The Oracle Private Cloud Appliance Dashboard is described in detail in Chapter 2, Monitoring and Managing Oracle Private Cloud Appliance.

1.3.2 Password Manager (Wallet)

All components of the Oracle Private Cloud Appliance have administrator accounts with a default password. After applying your data center network settings through the Oracle Private Cloud Appliance Dashboard, it is recommended that you modify the default appliance password. The Authentication tab allows you to set a new password, which is applied to the main system configuration components. You can set a new password for all listed components at once or for a selection only.
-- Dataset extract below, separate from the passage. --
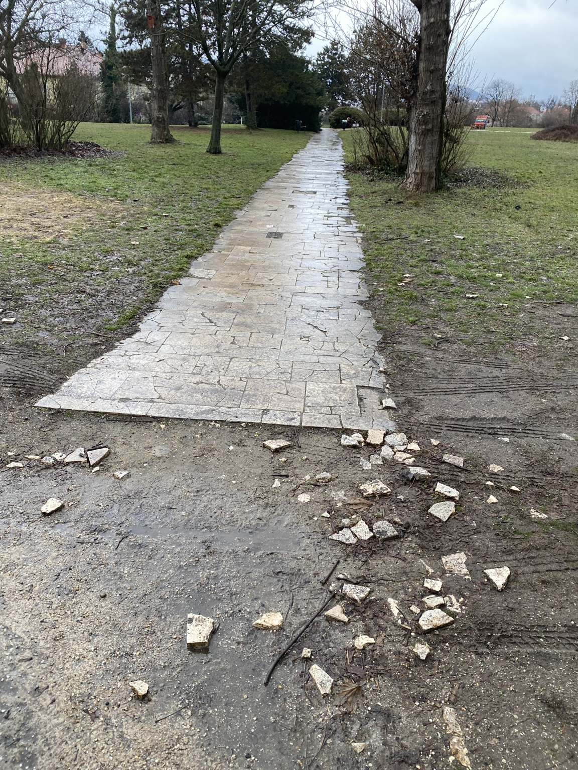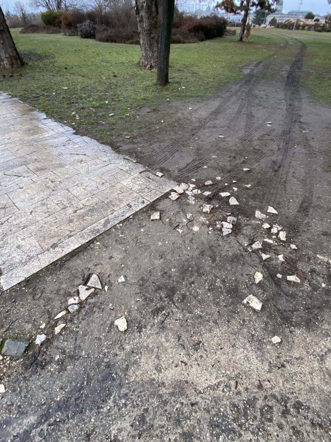 Több helyen, a Pest-Buda szobornál, az Orom utcai egyik gyalogút kijáratnál rommá tört a térkő. Mindenhol szeméttörmelék maradt utána.
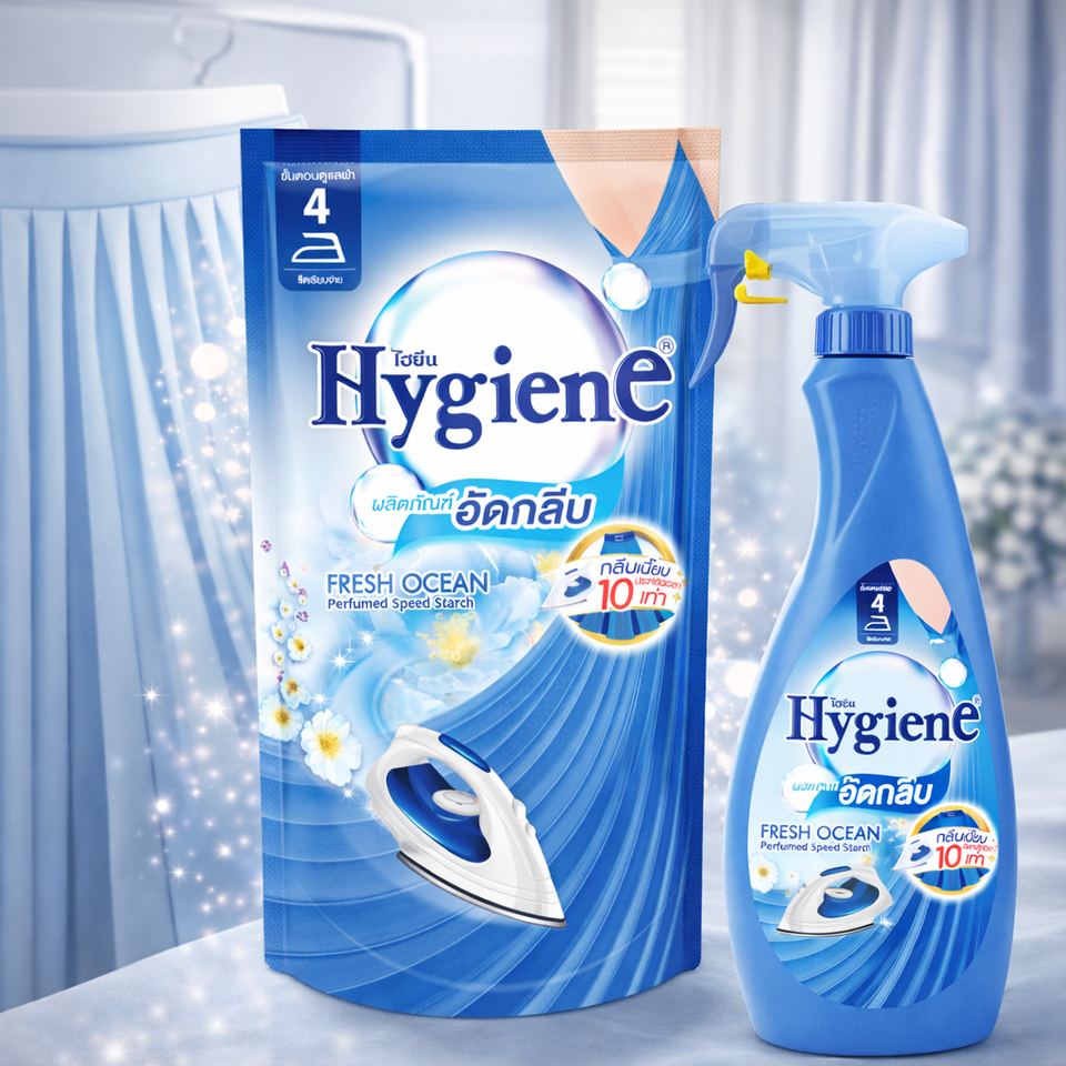 Recharge en sachet 900ml Ocean Fresh Hygiene Speed Starch Nettoyant textile liquide parfumé Lisse

Passwords for all accounts on all components are stored in a global Wallet, secured with 512-bit encryption. To update the password entries, you use either the Oracle Private Cloud Appliance Dashboard or the Command Line Interface. For details, see Section 2.9, “Authentication”.

1.3.3 Oracle VM Manager

All virtual machine management tasks are performed within Oracle VM Manager, a WebLogic application that is installed on each of the management nodes and which provides a web-based management user interface and a command line interface that allows you to manage your Oracle VM infrastructure within the Oracle Private Cloud Appliance.

Oracle VM Manager is comprised of the following software components:

  • Oracle VM Manager application: provided as an Oracle WebLogic Server domain and container.

  • Oracle WebLogic Server 12c: including Application Development Framework (ADF) Release 12c, used to host and run the Oracle VM Manager application

  • MySQL 5.6 Enterprise Edition Server: for the exclusive use of the Oracle VM Manager application as a management repository and installed on the Database file system hosted on the ZFS storage appliance.

Administration of virtual machines is performed using the Oracle VM Manager web user interface, as described in Chapter 5, Managing the Oracle VM Virtual Infrastructure. While it is possible to use the command line interface provided with Oracle VM Manager, this is considered an advanced activity that should only be performed with a thorough understanding of the limitations of Oracle VM Manager running in the context of an Oracle Private Cloud Appliance.

1.3.4 Operating Systems

Hardware components of the Oracle Private Cloud Appliance run their own operating systems:

  • Management Nodes: Oracle Linux 6 with UEK R4

  • Compute Nodes: Oracle VM Server 3.4.6

  • Oracle ZFS Storage Appliance: Oracle Solaris 11

All other components run a particular revision of their respective firmware. All operating software has been selected and developed to work together as part of the Oracle Private Cloud Appliance. When an update is released, the appropriate versions of all software components are bundled. When a new software release is activated, all component operating software is updated accordingly. You should not attempt to update individual components unless Oracle explicitly instructs you to.

1.3.5 Databases

The Oracle Private Cloud Appliance uses a number of databases to track system states, handle configuration and provisioning, and for Oracle VM Manager. All databases are stored on the ZFS storage appliance, and are exported via an NFS file system. The databases are accessible to each management node to ensure high availability.

Caution

Databases must never be edited manually. The appliance configuration depends on them, so manipulations are likely to break functionality.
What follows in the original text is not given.